Start of Materials provided

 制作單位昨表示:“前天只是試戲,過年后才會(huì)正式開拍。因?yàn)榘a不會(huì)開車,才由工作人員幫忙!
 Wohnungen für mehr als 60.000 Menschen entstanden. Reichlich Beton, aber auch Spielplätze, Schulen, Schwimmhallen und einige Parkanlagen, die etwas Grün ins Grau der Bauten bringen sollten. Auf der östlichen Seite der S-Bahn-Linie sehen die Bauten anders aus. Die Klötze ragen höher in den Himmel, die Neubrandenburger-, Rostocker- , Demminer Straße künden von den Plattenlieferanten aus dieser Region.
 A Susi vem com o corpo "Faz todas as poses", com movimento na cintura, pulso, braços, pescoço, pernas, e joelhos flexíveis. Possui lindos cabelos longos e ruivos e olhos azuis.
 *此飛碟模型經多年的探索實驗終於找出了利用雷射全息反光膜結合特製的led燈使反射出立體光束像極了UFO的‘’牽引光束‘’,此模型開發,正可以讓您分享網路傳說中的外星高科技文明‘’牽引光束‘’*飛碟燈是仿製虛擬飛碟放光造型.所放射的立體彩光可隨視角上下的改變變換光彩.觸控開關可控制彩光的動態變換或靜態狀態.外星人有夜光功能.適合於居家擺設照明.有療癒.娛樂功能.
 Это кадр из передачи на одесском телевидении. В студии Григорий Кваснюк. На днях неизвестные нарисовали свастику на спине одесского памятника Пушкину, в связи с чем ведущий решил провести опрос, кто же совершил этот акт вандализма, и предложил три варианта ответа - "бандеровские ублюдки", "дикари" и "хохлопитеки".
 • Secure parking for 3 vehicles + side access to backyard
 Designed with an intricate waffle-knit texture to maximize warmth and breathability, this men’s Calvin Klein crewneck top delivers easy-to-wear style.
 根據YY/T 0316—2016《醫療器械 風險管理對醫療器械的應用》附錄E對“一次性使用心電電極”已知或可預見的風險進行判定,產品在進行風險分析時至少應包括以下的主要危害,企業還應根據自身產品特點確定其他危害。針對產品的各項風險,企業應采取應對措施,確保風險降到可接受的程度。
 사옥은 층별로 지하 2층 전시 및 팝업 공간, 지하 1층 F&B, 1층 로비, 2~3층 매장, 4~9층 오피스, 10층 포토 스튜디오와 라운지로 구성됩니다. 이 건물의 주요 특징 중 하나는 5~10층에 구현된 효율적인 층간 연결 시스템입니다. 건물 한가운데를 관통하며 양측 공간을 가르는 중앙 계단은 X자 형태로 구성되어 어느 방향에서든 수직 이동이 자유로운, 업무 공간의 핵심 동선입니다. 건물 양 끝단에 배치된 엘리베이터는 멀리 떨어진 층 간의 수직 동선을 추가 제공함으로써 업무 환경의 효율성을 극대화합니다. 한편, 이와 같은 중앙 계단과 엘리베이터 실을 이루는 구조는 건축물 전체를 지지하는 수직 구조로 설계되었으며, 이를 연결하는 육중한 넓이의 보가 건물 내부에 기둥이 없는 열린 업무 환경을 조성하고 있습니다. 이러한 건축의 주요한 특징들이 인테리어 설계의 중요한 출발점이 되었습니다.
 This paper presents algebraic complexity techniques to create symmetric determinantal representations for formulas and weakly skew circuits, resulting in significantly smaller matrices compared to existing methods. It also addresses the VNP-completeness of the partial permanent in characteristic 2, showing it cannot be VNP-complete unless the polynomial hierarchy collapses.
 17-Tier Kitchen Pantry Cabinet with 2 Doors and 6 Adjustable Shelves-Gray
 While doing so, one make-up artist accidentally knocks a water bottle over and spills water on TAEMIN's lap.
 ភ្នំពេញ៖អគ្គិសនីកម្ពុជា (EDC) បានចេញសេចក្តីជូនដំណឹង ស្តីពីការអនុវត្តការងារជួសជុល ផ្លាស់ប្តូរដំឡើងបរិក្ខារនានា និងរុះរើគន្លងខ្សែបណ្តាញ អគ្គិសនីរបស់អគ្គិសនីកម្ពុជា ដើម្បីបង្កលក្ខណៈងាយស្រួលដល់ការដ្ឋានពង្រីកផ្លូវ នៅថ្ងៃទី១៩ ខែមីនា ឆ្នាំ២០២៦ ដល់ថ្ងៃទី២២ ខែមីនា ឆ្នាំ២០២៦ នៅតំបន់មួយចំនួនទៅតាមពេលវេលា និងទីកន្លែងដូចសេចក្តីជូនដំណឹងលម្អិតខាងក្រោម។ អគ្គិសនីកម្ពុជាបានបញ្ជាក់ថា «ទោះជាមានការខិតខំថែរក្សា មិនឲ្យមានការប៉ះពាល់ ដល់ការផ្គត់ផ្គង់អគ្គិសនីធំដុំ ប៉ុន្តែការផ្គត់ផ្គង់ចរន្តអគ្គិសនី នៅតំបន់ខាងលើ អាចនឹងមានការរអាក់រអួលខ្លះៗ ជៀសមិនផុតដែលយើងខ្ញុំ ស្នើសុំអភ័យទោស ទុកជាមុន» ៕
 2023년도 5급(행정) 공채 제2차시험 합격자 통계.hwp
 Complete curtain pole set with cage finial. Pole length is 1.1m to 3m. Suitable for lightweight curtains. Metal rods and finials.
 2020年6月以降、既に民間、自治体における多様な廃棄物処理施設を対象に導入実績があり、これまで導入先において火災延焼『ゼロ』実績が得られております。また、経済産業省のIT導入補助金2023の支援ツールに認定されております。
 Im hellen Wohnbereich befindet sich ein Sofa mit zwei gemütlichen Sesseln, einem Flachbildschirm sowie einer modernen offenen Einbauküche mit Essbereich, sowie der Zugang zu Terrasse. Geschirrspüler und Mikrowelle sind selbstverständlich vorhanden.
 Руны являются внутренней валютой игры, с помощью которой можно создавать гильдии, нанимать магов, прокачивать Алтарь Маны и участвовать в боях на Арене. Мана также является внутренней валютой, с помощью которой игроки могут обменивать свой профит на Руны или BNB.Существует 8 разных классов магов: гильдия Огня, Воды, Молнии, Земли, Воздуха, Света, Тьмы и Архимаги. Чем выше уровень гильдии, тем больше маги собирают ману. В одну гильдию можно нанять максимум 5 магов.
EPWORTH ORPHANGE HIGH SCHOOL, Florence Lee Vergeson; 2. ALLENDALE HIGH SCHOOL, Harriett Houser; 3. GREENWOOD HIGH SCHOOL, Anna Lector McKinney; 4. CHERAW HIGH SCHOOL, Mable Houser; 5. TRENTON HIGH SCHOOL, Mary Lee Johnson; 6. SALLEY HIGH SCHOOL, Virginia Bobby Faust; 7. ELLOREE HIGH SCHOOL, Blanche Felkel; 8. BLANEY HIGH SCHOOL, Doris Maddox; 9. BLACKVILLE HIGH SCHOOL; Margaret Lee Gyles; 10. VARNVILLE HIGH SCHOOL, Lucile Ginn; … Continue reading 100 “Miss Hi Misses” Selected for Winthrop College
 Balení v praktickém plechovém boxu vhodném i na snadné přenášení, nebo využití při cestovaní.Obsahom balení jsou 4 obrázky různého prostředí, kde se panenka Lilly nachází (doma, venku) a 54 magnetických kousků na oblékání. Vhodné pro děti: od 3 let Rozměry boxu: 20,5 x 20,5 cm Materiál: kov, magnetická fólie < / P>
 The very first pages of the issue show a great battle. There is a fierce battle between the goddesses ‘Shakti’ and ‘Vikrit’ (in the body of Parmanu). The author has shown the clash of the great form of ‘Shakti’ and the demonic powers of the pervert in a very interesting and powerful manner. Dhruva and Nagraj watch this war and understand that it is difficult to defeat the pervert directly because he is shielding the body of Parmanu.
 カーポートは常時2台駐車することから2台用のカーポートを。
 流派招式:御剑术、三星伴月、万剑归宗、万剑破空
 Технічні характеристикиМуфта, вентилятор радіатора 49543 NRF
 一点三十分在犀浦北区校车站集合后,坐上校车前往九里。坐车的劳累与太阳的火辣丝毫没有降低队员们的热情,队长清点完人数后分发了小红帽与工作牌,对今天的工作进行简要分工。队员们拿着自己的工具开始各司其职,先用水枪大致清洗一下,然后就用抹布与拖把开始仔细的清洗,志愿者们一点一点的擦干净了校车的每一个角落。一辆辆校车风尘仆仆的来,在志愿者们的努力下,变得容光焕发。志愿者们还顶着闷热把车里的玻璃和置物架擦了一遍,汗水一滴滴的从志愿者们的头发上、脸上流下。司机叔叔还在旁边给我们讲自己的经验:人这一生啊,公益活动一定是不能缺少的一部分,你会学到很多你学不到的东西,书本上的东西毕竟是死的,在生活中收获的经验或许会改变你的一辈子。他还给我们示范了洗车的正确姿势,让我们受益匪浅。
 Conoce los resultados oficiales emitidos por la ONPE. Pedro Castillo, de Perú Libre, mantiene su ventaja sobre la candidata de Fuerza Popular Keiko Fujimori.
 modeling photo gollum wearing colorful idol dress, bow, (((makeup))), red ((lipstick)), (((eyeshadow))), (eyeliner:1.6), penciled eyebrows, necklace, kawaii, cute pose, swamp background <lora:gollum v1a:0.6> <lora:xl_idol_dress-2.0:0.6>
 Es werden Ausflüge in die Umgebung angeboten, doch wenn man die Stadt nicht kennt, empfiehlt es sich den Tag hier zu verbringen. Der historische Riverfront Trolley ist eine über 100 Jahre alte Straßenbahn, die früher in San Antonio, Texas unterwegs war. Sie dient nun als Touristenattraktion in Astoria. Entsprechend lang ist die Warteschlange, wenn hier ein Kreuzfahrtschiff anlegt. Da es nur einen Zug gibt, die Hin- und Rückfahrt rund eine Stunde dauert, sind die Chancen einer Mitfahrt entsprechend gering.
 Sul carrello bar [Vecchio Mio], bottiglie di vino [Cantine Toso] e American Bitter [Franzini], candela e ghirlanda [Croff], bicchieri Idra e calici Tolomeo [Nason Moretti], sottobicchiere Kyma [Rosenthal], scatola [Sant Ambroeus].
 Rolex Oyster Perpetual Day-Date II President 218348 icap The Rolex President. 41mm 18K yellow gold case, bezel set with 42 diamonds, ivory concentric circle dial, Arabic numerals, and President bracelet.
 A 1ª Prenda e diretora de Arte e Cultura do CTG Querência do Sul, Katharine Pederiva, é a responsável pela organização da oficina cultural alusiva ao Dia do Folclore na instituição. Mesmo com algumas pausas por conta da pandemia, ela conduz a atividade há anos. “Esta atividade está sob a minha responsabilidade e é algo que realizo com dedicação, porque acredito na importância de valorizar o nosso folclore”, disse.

End of Materials provided

◆ **What you have to do**
Set the entries down again exactly, beginning with their first line and ending with the line that contains "Wohnungen für mehr"; omit all other lines.

◆ **Response box**
 制作單位昨表示:“前天只是試戲,過年后才會(huì)正式開拍。因?yàn)榘a不會(huì)開車,才由工作人員幫忙!
 Wohnungen für mehr als 60.000 Menschen entstanden. Reichlich Beton, aber auch Spielplätze, Schulen, Schwimmhallen und einige Parkanlagen, die etwas Grün ins Grau der Bauten bringen sollten. Auf der östlichen Seite der S-Bahn-Linie sehen die Bauten anders aus. Die Klötze ragen höher in den Himmel, die Neubrandenburger-, Rostocker- , Demminer Straße künden von den Plattenlieferanten aus dieser Region.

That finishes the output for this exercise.